LOCAL BUSINESS
Network meeting in Aurora
The Aurora chapter of Business Network International will host what it is calling a “visitors day” from 7:30 to 9 a.m. Nov. 2. The event is designed to introduce area business people to the worldwide organization, formed in 1985, that encourages members to share business and personal contacts.
Each chapter allows only one business per profession.
The Nov. 2 meeting — at the Howard Hanna Building at 195 Barrington Town Square in Aurora — will feature Bob Willis, area director for the 50-plus chapter Northeast Ohio region of BNI, The event is free.
For more information on the Aurora chapter, call Dennis McMichael at 330-626-4972 or Bill Jubell at 216-406-3224. For more information about BNI, visit www.bni-ohio.com.
ENTERTAINMENT
Sports gambling in N.J.
New Jersey says it will start issuing licenses for sports betting on Jan. 9, about a month later than it had originally intended.
But that’s assuming a federal lawsuit filed by the major professional sports leagues can be overcome.
The state Division of Gaming Enforcement published regulations for sports betting on Monday in the New Jersey Register. New Jersey enacted a sports betting law in January, limiting bets to the Atlantic City casinos and the state’s four horse-racing tracks.
In May, Gov. Chris Christie said New Jersey would forge ahead with its sports betting law, despite a federal ban on legalized sports gambling in all but four states. Casinos, racetracks or joint ventures of both can apply for the $50,000 sports pool licenses.
BANKING
Citigroup CEO leaves post
Citigroup Inc. Chief Executive Officer Vikram Pandit, who led the bank through a U.S. bailout while reaping $261 million for himself, was replaced by Michael Corbat, who said he could shake up the firm’s operations.
President and Chief Operating Officer John P. Havens, 56, also resigned, the New York-based bank said. Corbat, who led Citigroup in Europe, the Middle East and Africa, takes the helm immediately as Pandit, 55, leaves both his executive role and his seat on the board.
The departures, announced six months after Michael O’Neill became chairman, remove a team that led Citigroup out of 2008’s global credit crisis.
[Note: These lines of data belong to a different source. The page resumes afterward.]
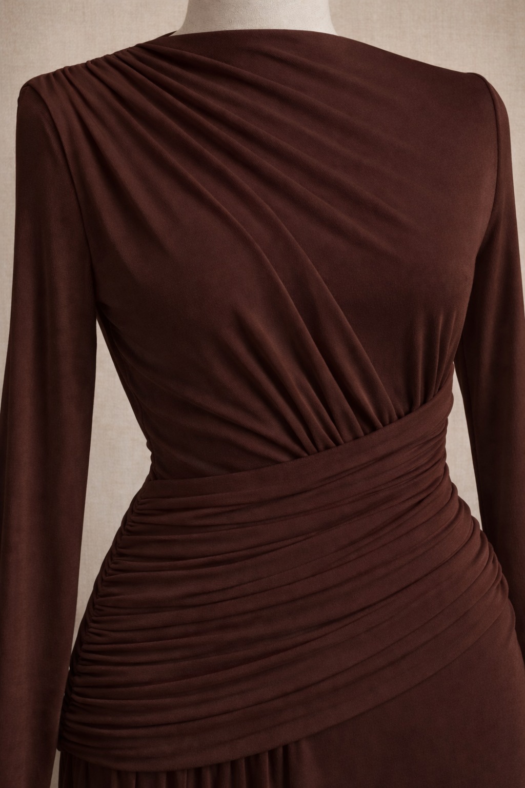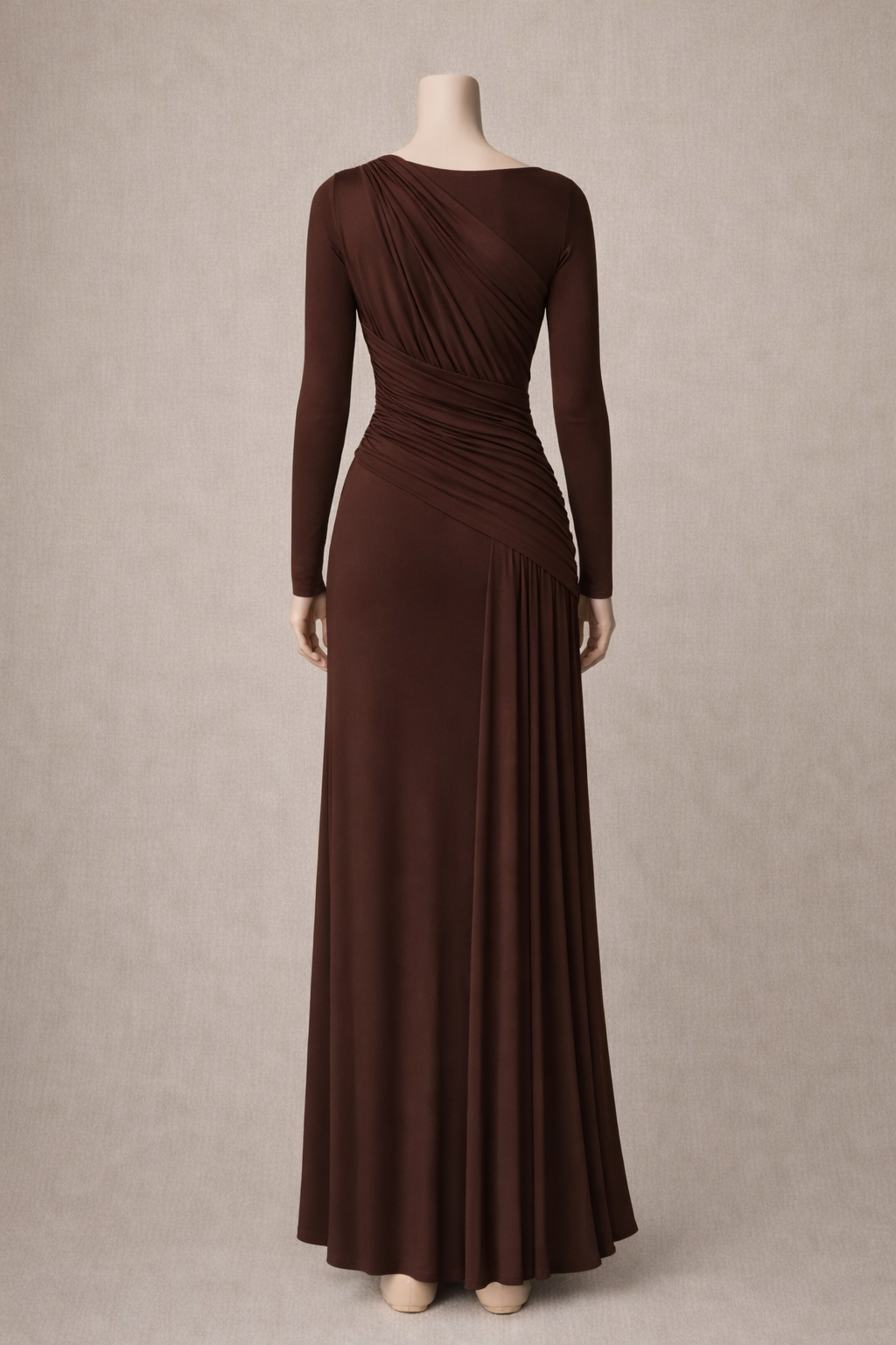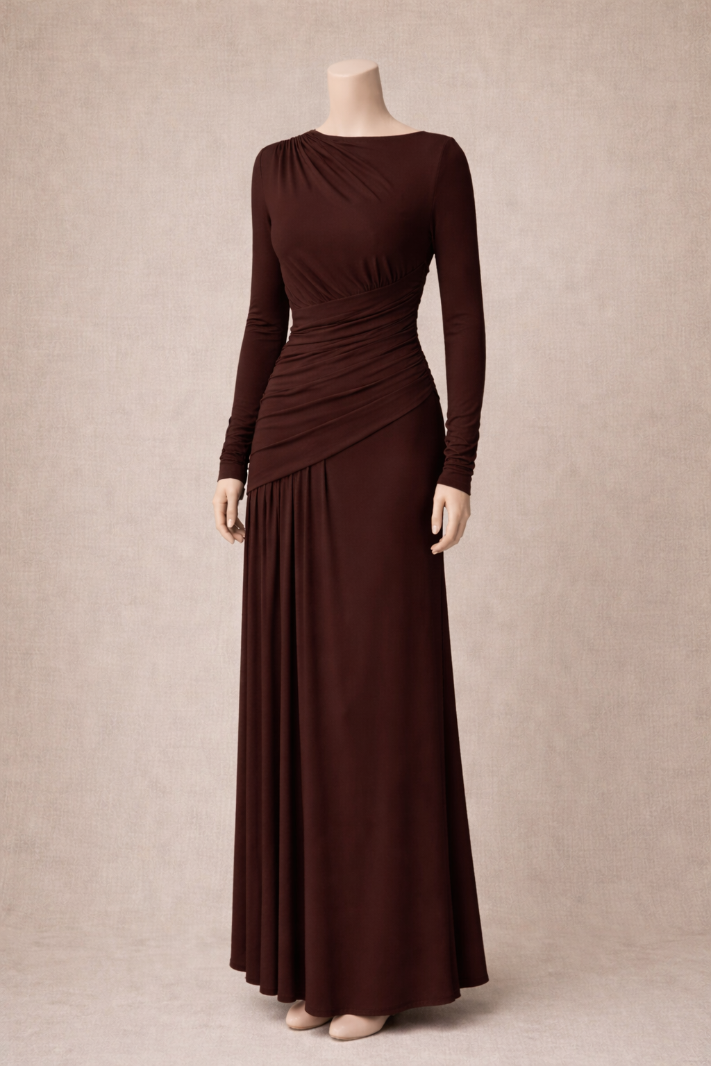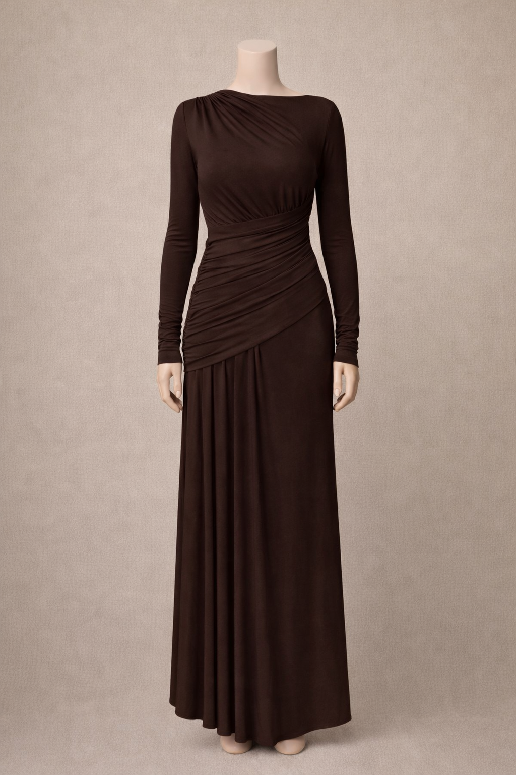 Robe longue marron drapée à manches longues
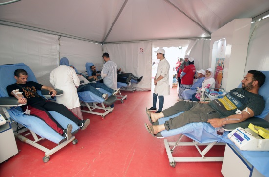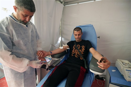 6月14日,志愿者在阿尔及利亚阿尔及尔一处献血点献血。 新华社发
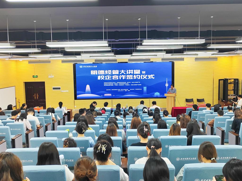 明德经管大讲堂环节,陕西省家庭服务业协会常务副会长兼秘书长、陕西省家政服务标准化技术委员会秘书长康沙萍带来《洞见大健康产业》的精彩分享,陕西海蓓医疗健康集团董事长段德松则以《健康管理需求分析》为话题进行交流,陕西健康医疗集团人力资源部副部长丁晓明分享了《校企协作,产教融合,共助大健康产业发展》的内容。三位企业家用深入浅出的讲授,呈现了一场新知盛宴,带给同学们不同于以往的课堂感悟。
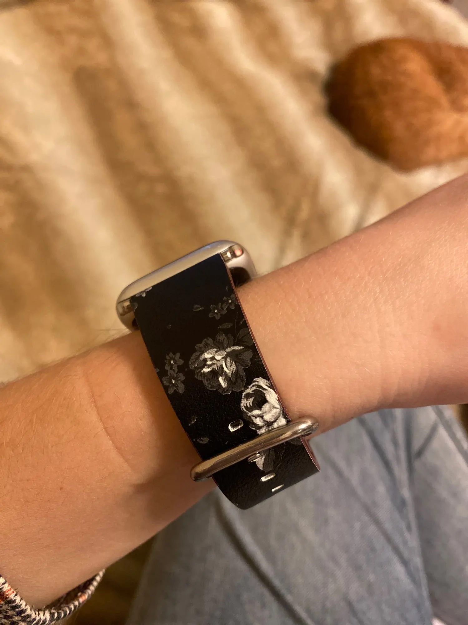 Кожаный ремешок для часов с цветочным рисунком для Apple Watch Seri...

While Pandit posted a surprise quarterly profit on Monday, he suffered setbacks this year when regulators blocked his plan to boost dividends, shareholders rejected his pay package and Morgan Stanley came out ahead in a multibillion-dollar dispute over a jointly owned brokerage venture.
EARNINGS
Profits up at Coke
Coca-Cola said it earned $2.31 billion, or 50 cents per share, for the period. That compares with $2.22 billion, or 48 cents per share, in the year-ago quarter. Not including one-time items, the company said it earned 51 cents per share, in line with analyst expectations.
Revenue rose 1 percent to $12.34 billion, but fell shy of Wall Street expectations of $12.4 billion. Not including the impact of currency exchange rates, revenue rose 6 percent.
Mattel earnings rise
Mattel’s net income was $365.9 million, or $1.04 per share, for the period ended Sept. 30. That’s up from $300.8 million, or 86 cents per share, a year ago. Analysts expected 99 cents per share, according to a poll by FactSet.
Revenue for the El Segundo, Calif.-based company rose 4 percent to $2.08 billion, topping Wall Street’s estimate of $2.07 billion.
Fisher Price sales increased 6 percent, while American Girl rose 16 percent. Sales of Hot Wheels were flat. Mattel reported strong sales of Monster High products, while sales of games tied to the Cars 2 movie fell.
Revenue climbed in North America and abroad, with international results pressured by the stronger dollar.
Cost of sales fell 8 percent during the quarter as the company continued a cost-cutting program and streamlined design and manufacturing processes.
Smaller rival Hasbro Inc., which makes Monopoly, Nerf and My Little Pony, reports its results on Monday. Another competitor is privately held MGA Entertainment Inc., which owns Little Tikes Co. of Hudson.
POST OFFICE
Financial limit is reached
The U.S. Postal Service said it hit its borrowing limit with the U.S. Treasury for the first time last month, as it had forecast, leaving it to finance operations from stamp sales until Congress considers postal reform legislation.